If you’ve been a Hack Spirit reader for a while, you probably know my story.
If you’re new to my site, here it is.
6 years ago, I was a ridiculously average guy lifting boxes at a warehouse for a living.
Now don’t get me wrong:
There’s nothing shameful about working at a warehouse. The job was fine, but I wasn’t. Nowhere near in fact.
My anxiety was out-of-control and I barely slept 3 hours a night. I’d experienced all of this for most of my life, but never to this degree.
I was constantly fighting against it, which only made it worse.
And no matter what I tried, nothing worked.
The simple truth was I was a guy in my mid-20s who was deeply unhappy. I had few satisfying relationships – with friends or women – and a monkey mind that just wouldn’t shut itself off.
My life seemed to be going nowhere.
But then I started reading all I could about eastern philosophy and something twigged.

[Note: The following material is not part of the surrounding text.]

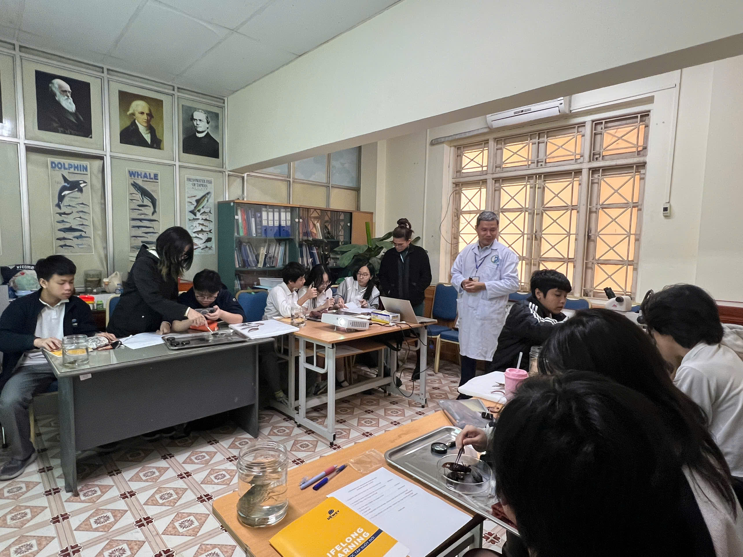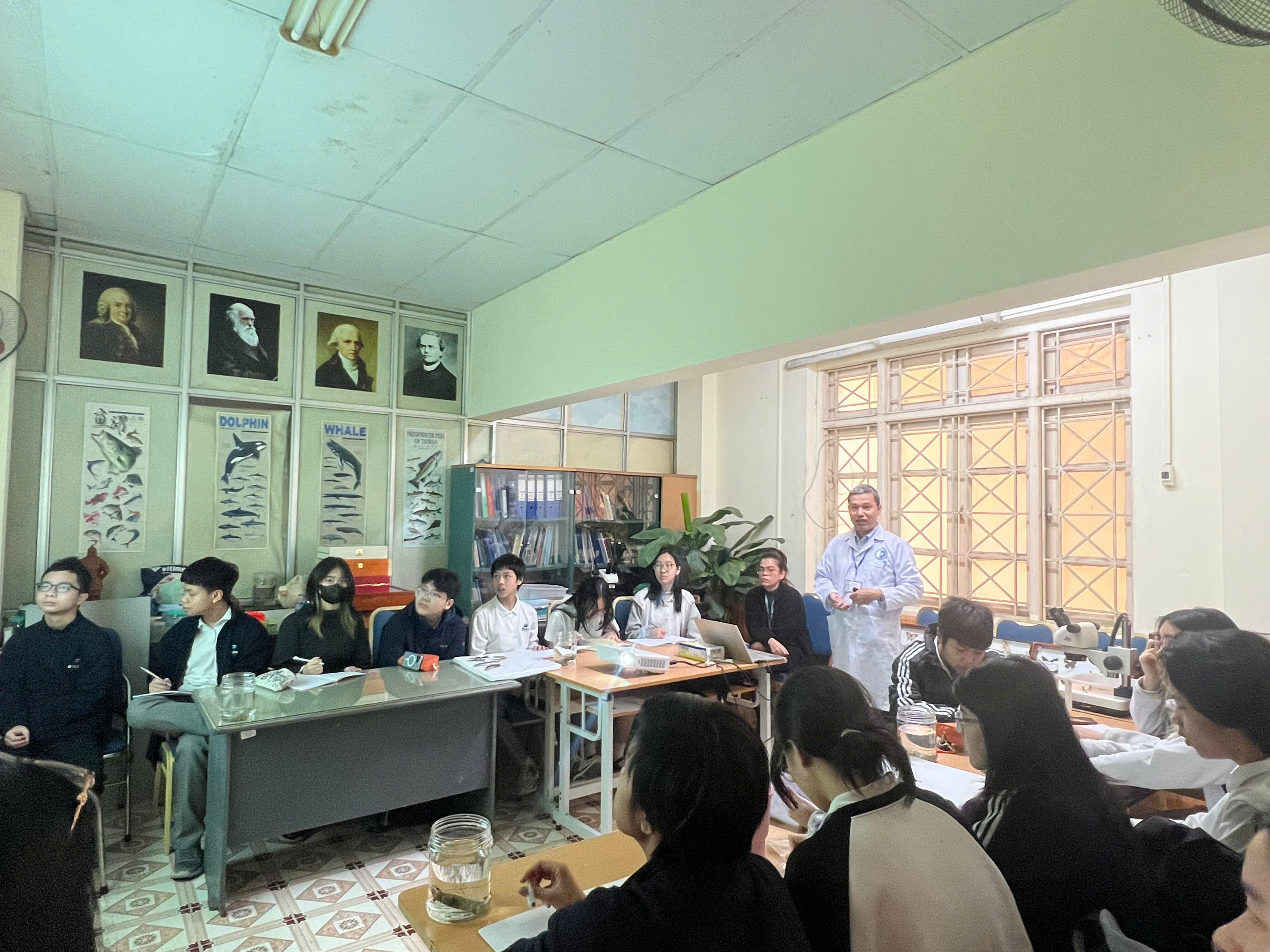Phần cuối của buổi trải nghiệm là tham quan bộ sưu tập mẫu vật tại bảo tàng dưới sự hướng dẫn của ThS. Trần Nam Hải. Bảo tàng Sinh học hiện đang lưu giữ nhiều mẫu vật động vật quý hiếm của Việt Nam, đặc biệt là bộ sưu tập các loài chim và thú từ nhiều hệ sinh thái khác nhau trên cả nước. Cán bộ bảo tàng đã giới thiệu chi tiết về đặc điểm cấu tạo, hoạt động sống, và các thông tin nổi bật của từng mẫu vật tiêu biểu. Học sinh thể hiện sự thích thú và tò mò qua việc đặt nhiều câu hỏi, thể hiện sự hiểu biết và tình yêu với thế giới động vật.
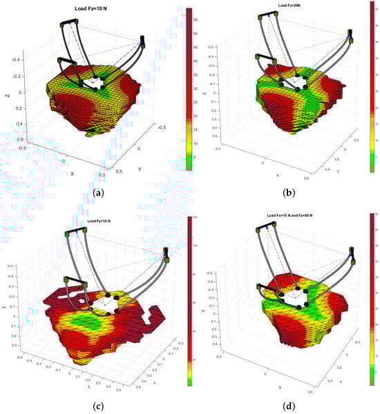 Load influence on workspace of flexible Keops-Delta: (a) N; (b) N; (c) N; (d) N and N.

How I learned to incorporate mindfulness into my life
I realized I needed to work with my anxiety rather than against it. I needed to accept it, rather than fight it.
Basically I needed to live a more mindful life.

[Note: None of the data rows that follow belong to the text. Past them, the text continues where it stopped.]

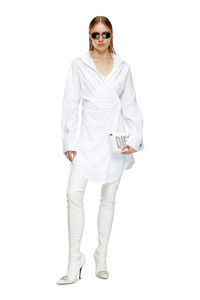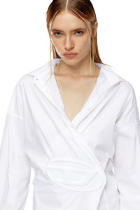 Model is wearing an IT size 40 and is 175 cm / 5'7'' Fits true to size, take your normal size. This women's wrap dress has a loose, shirt silhouette defined by the embossed Oval D – the tonal yet sizable logo embellishment doubles as a fastening. It's crafted from crisp stretch poplin blended with a percentage of organic cotton and falls to a mini length.
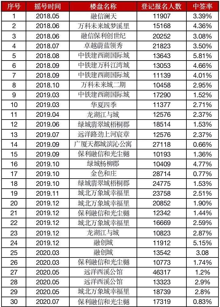 以曾6万人摇的远洋西溪公馆为例,9月再推1213套房源,最终实际登记人数仅为4899户,远未达到“万人摇”的标准,其综合中签率24.8%,相较于5月份最低1.2%的中签率,足足增加了20倍。
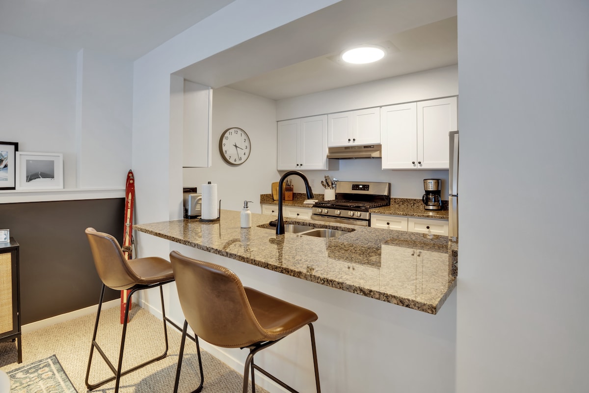 ¡ESQUIE DIRECTAMENTE! ¡Olvídate de los aparcamientos llenos o de esperar al autobús! Este luminoso y abierto apartamento en la montaña está a 30 pies de la pista Out to Lunch, donde puedes esquiar o ir en bicicleta directamente a los remontes y pistas de ciclismo. Disfruta de comodidades como el nuevo balcón, la relajante chimenea de gas, la piscina al aire libre de temporada, la lavadora/secadora, el casillero asignado para guardar esquís y tablas de snowboard y un gran televisor inteligente. El anfitrión posee un segundo apartamento en el mismo complejo y estará encantado de alojar grupos grandes.

An important insight, but I also needed techniques to practice it properly.
So on a whim, I quit my job and went to Thailand on a meditation retreat.

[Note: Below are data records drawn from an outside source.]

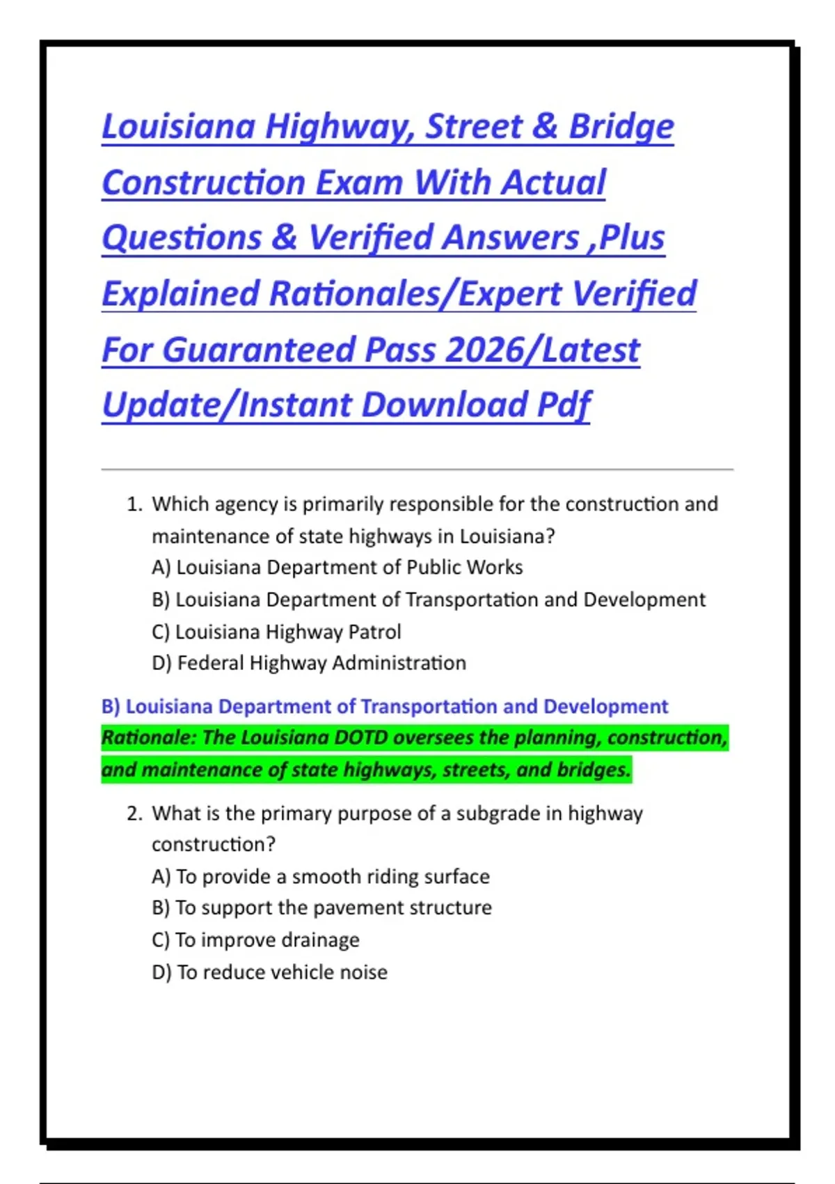 Rationale: The Louisiana DOTD oversees the planning, construction,
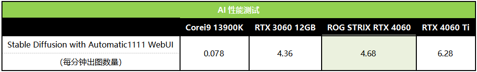 AIGC即人工智能自动生成内容,被认为是继专业生产内容(PGC)、用户生产内容(UGC)之后的新型内容创作方式,未来AI必将成为日常工作必须掌握的技能。NVIDIA很早就开始布局AI计算,到了RTX 40时代,更是成为了AI应用的必备利器。这里我们就用Stable Diffusion来测试ROG STRIX RTX 4060在AI出图方面的性能。从测试成绩可以看到,ROG STRIX RTX 4060每分钟可以出图4.68张,是i9 13900K纯CPU方案的59倍以上,领先RTX 3060 7%,效率达到了RTX 4060 Ti的75%。可见拥有第三代RT Core和第四代Tensor Core的ROG STRIX RTX 4060可以称得上是甜品级生产力工具。
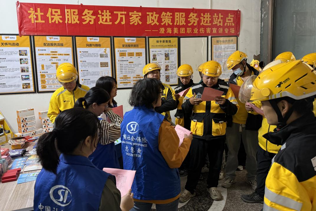 市社保局澄海分局主动服务新就业形态劳动者等群体,在美团业务站点举办宣传咨询活动。
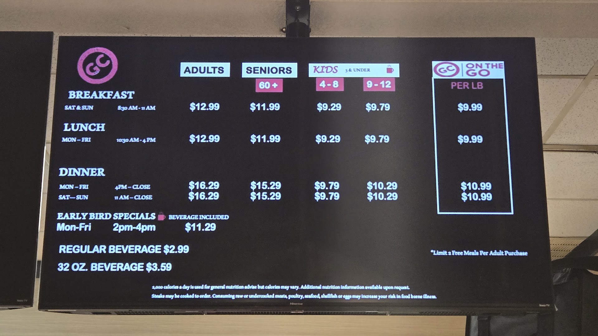 I would love to stay eat here is for the price but here again it fails. Our last dinner here was more than most casual places and does not tip favor for value. This brings the question - with food options that suck and a picture ice higher than most decent places, what market exactly is Golden...

It was a risky decision, but I can quite honestly say that the techniques I learned on this retreat changed my life.
I learned how to accept my emotions and improve my focus.
I learned to sync my attention, so that my mind and body were in the same place at the same time.
A retreat such as this is something I wish everyone could do, but the sad reality is that most people just don’t have the time.
And most people can’t just quit your job on a whim like I did.
But this is what you need to know:
While meditation retreats are wonderful, they are not the only way to bring mindfulness into your life.
Over the last 6 years, I’ve learned a hell of a lot about mindfulness and eastern philosophy. And I can tell you with absolute certainty that you don’t have to travel to the most remote cave or mountain or desert to find a sense of calm, acceptance, and peace.
All of these things are already in your mind. It is called mindfulness, after all.
You can learn how to meditate, foster healthier relationships, heal from pain and trauma, and unburden yourself from intrusive negative thoughts right here, right now, where you already are.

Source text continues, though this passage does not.